Leonid Krol read for us a book by Dmitry Bykov «Boris Pasternak».
“The brilliant “Pasternak” by Dmitry Bykov is a documented reliable, detailed book that tells almost more about its author than about its hero. Having taken up such a global topic as the biography of the great poet, Bykov, accustomed to being in the center of attention himself, seems to be undergoing a kind of psychological training that allows him to look at himself through the prism of someone else’s life, move away from momentary worries and free himself from the stupid fuss, which — voluntarily or no — his (and not only his — ours!) life abounds.
The desire to be reflected in the mirror of precisely Pasternak’s fate seems to play a special role for the author. Plunging into the vicissitudes of his biography, Bykov seems to be tasting various options for realizing his creativity, exploring various possibilities for resisting the temptations of life, and most importantly, ways for the individual to survive in society. And in this capacity, the figure of Pasternak, with his heightened sense of life, with a tragic sense of the finiteness of being, with constant haste and sudden flashes of hope, turns out to be unusually related and close to Bykov.

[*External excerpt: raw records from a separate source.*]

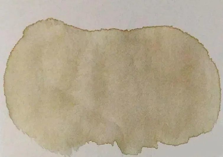 第一步:用藤黄加入朱磦,再加淡墨,调出较淡的色墨,用大笔侧锋运笔画绵羊的臀部。
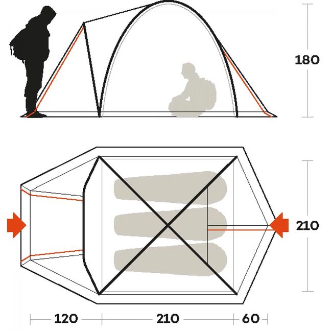 - Конструкцією передбачені чотири вентиляційні вікна, розташовані з боків від входів до намету на різній висоті, що сприяє природному провітрюванню. Система вентиляції Camera Air створює велику повітряну камеру між зовнішнім тентом і внутрішнім наметом, яка сприяє вільній циркуляції повітря навколо внутрішнього намету. З одного боку, це позбавляє від появи конденсату всередині, а з іншого, повітря є найкращим теплоізоляційним прошарком.
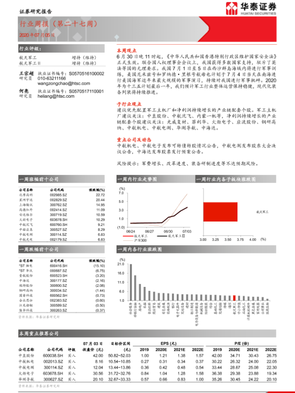 【华泰证券】【20200705】20200705-华泰证券-航天军工行业周报(第二十七周)-16页 行业研究
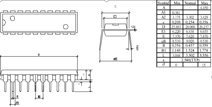 20引腳塑封雙列直插封裝(PDIP) — 300 mil
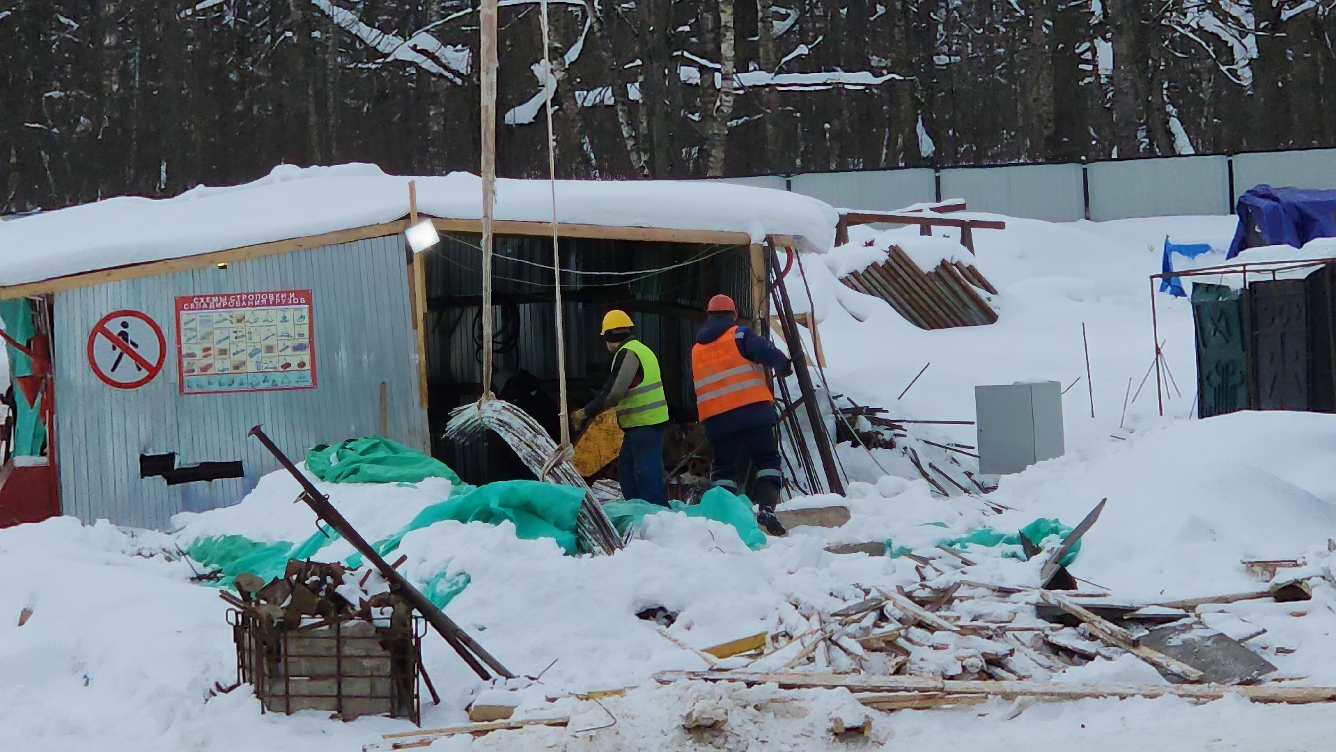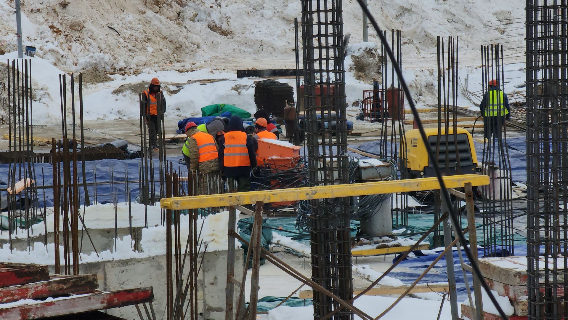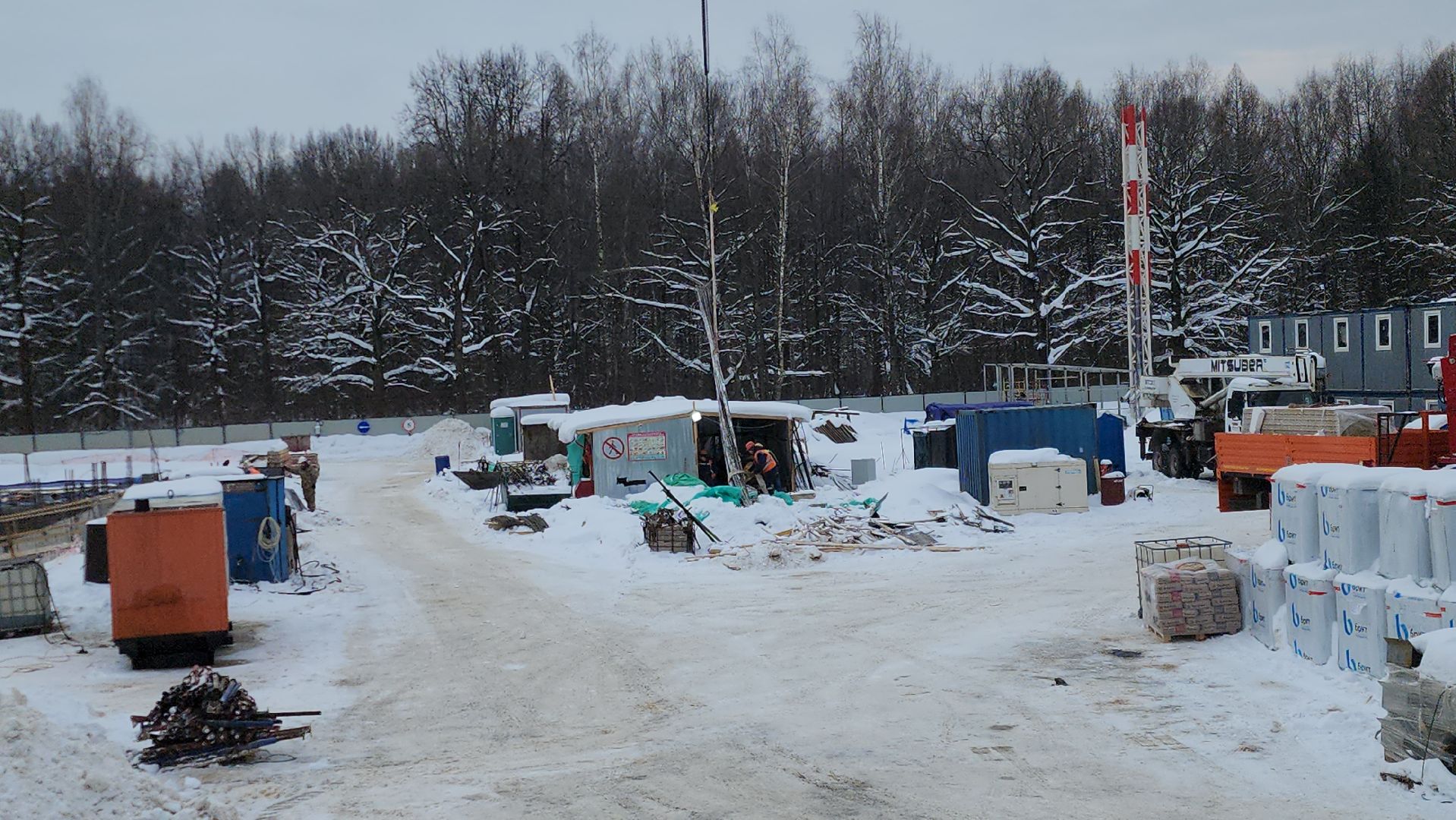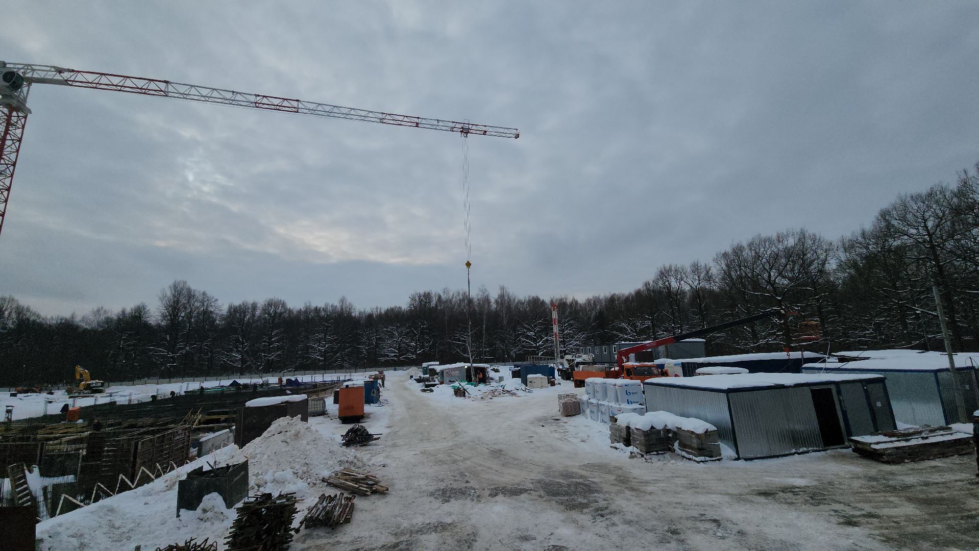 Всего на строительстве работают одновременно 120-130 человек, задействовали 6 единиц техники и 2 башенных крана.

Turning to the fate of Boris Leonidovich, his biographer practices spiritual asceticism, the essence of which is to write not about himself, but about others. That is why there are so many secondary characters in the book — friends, lovers, enemies and simply contemporaries of the poet, who appear through the darkness of non-existence, gain flesh, and then again dissolve into the shadows. Thus, Bykov not only looks closely at real people, but also lives fully in time with their hearts and concerns.
So it seems that by concentrating on other people’s destinies, looking for parallels in them with his own, Dmitry Bykov consciously achieves the internal goals that almost every thinking person tends to strive for: to achieve clarity and clarity of sight, to gain the opportunity to calmly realize what excites him in reality. Not allowing himself to speak openly on the eternal and somewhat banal topics of interest to him — “how the soul works”, “how to survive in the surrounding rudeness” (namely, they, in my opinion, are central in his book), he creates a platform where everything In this case, one can speak in the language of metaphors and symbols, thereby again approaching his hero, who equally strived to «be like everyone else» and to acquire «an uncommon facial expression.»